## [Task statement]
As the answer, give exactly the lines of the records below from the one with "各学年の出し物が終わると、5" through the one with "- Effortless Operation: Featuring", ends included and pictures left out.

## [Records provided]
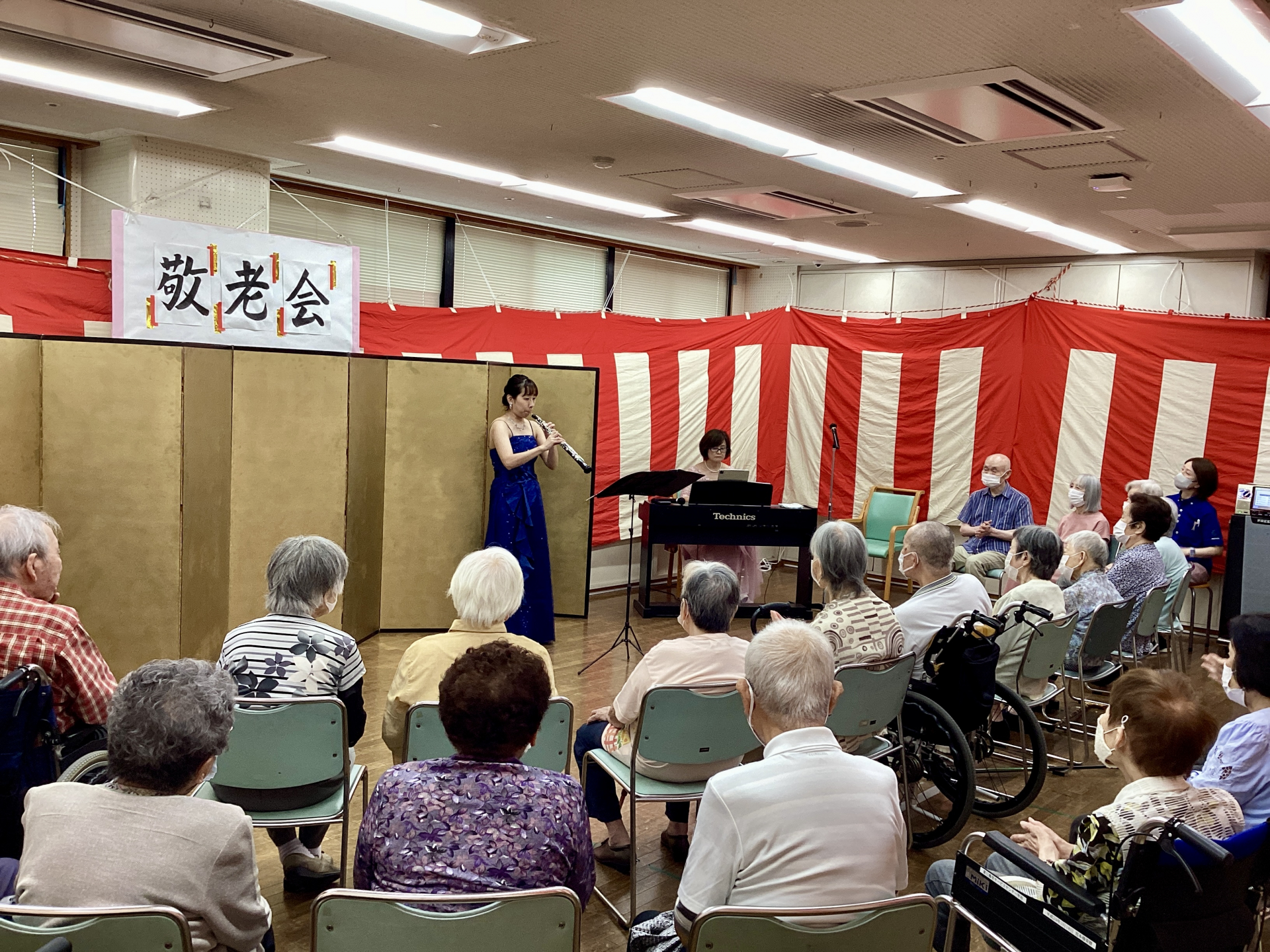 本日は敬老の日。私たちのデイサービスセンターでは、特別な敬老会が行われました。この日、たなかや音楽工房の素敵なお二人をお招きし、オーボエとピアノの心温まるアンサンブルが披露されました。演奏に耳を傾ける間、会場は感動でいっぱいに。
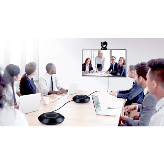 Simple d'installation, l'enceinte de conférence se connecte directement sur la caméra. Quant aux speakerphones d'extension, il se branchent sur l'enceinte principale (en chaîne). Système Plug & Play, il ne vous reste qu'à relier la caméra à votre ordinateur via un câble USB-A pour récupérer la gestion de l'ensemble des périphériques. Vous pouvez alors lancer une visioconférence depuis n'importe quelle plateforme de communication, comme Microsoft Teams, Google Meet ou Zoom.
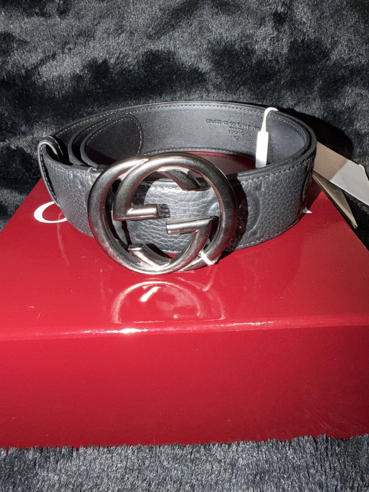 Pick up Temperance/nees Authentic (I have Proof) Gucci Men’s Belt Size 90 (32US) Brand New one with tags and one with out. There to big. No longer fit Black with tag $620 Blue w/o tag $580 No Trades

==

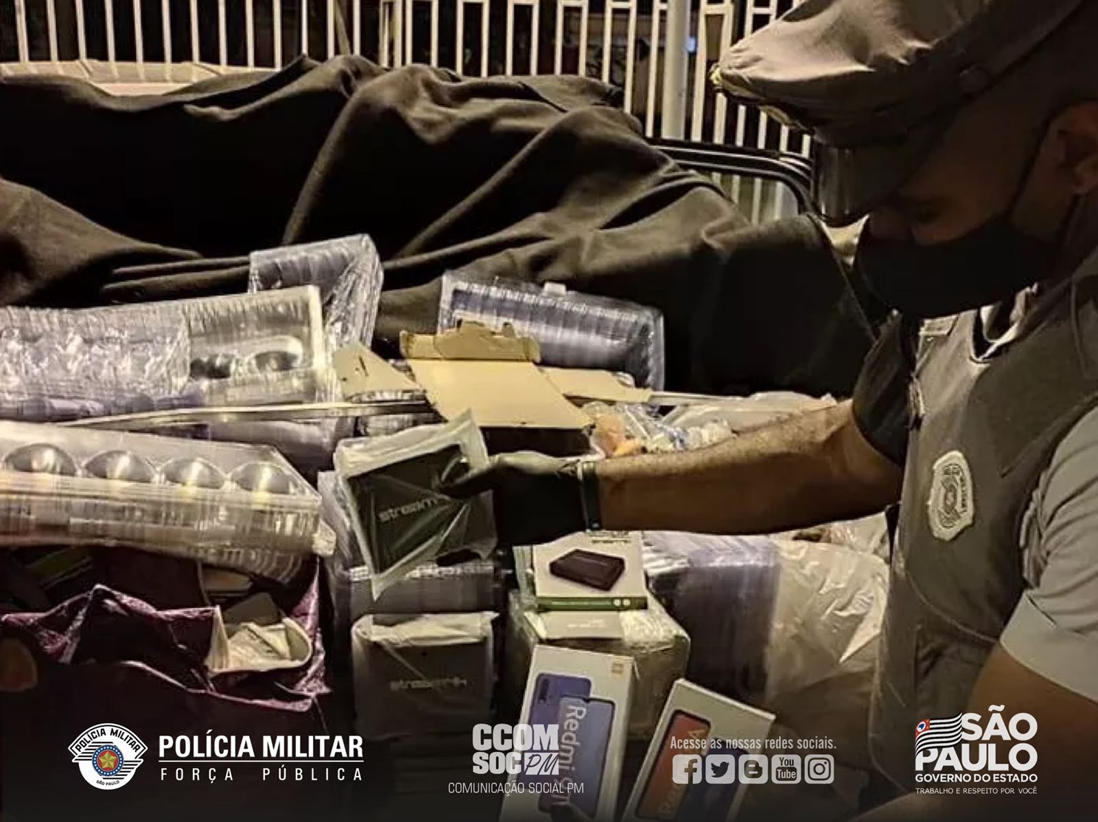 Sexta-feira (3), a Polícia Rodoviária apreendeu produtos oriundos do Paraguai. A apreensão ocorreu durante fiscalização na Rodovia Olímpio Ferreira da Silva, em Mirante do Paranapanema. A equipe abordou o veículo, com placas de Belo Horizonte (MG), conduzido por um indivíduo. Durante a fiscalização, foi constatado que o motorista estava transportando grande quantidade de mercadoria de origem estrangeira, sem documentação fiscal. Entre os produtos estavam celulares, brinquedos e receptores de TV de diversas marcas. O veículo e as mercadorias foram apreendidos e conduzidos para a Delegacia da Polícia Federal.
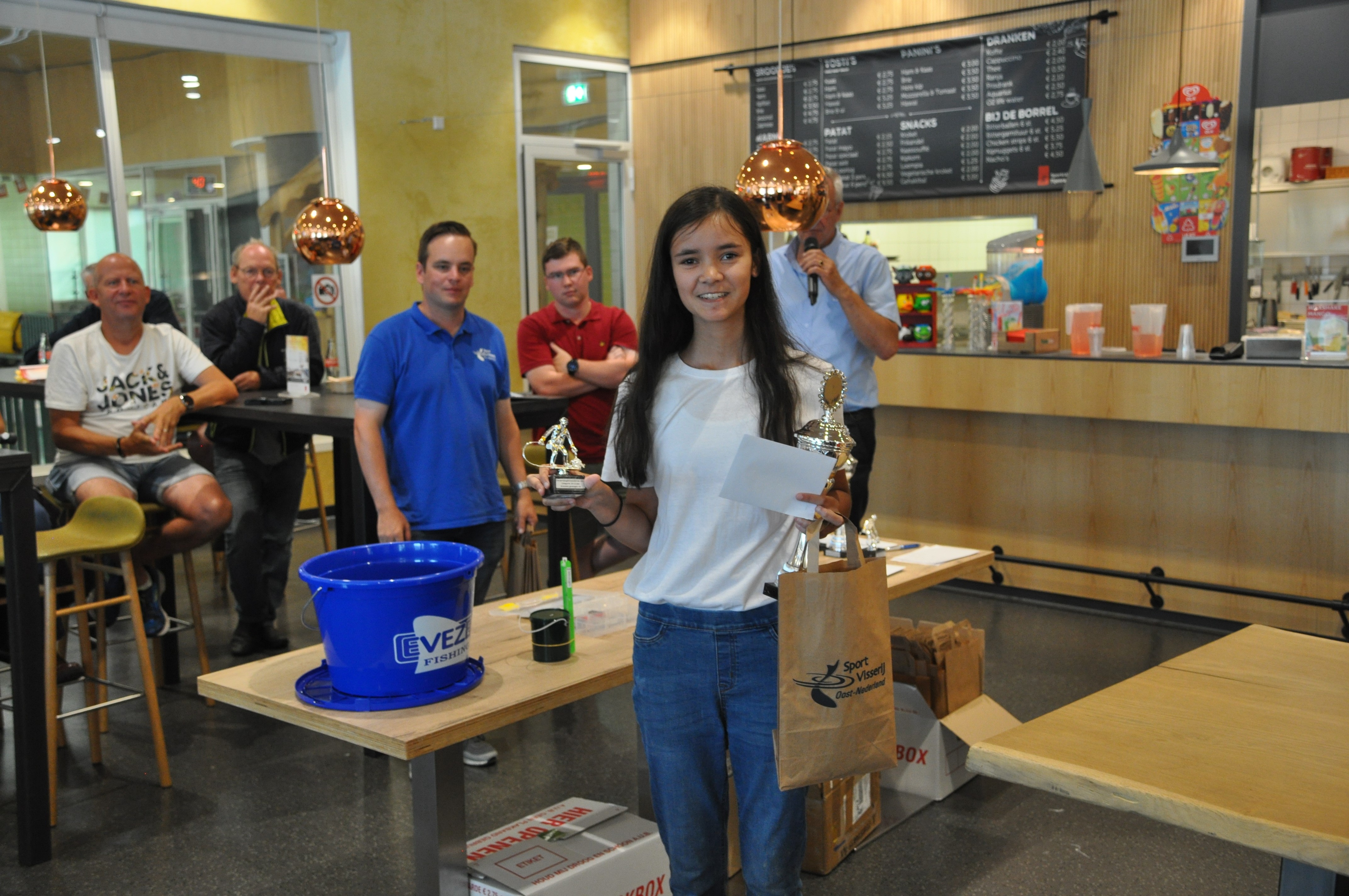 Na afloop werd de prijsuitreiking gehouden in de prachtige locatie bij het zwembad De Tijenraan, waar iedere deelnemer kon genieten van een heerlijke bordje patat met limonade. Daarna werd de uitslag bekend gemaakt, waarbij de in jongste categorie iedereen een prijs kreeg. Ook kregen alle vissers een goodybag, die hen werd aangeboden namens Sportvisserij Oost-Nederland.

* * *

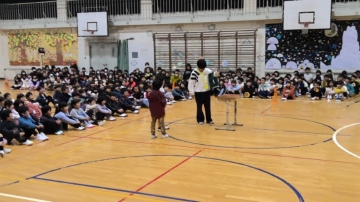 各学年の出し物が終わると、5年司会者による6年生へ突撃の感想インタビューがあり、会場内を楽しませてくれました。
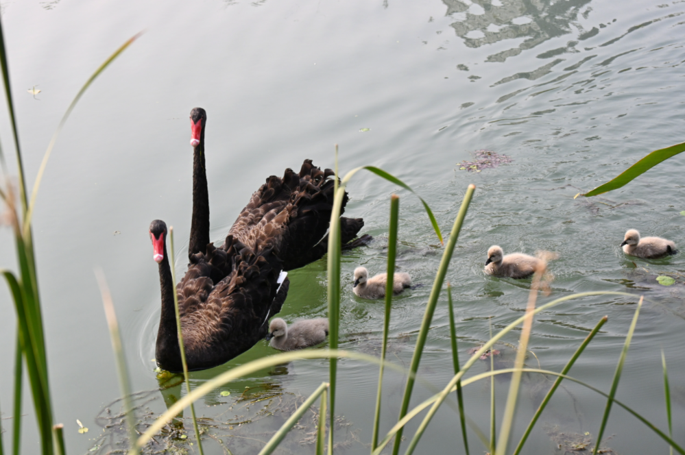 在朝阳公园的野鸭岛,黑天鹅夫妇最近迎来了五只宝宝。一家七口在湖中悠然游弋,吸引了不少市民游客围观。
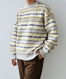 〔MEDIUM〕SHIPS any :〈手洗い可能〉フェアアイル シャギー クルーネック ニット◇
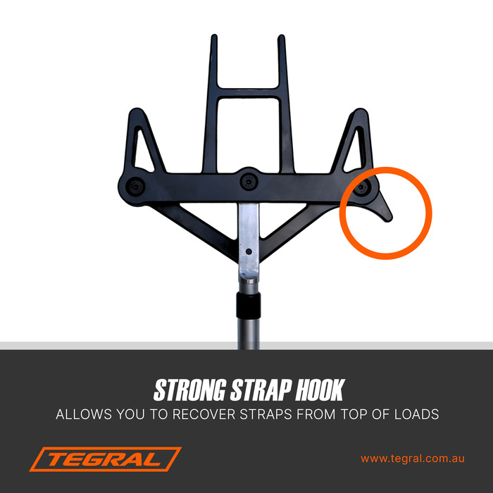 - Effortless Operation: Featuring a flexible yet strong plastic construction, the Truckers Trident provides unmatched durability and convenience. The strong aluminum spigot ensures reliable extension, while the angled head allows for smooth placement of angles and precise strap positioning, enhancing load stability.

## [Response area]
 各学年の出し物が終わると、5年司会者による6年生へ突撃の感想インタビューがあり、会場内を楽しませてくれました。
 在朝阳公园的野鸭岛,黑天鹅夫妇最近迎来了五只宝宝。一家七口在湖中悠然游弋,吸引了不少市民游客围观。
 〔MEDIUM〕SHIPS any :〈手洗い可能〉フェアアイル シャギー クルーネック ニット◇
 - Effortless Operation: Featuring a flexible yet strong plastic construction, the Truckers Trident provides unmatched durability and convenience. The strong aluminum spigot ensures reliable extension, while the angled head allows for smooth placement of angles and precise strap positioning, enhancing load stability.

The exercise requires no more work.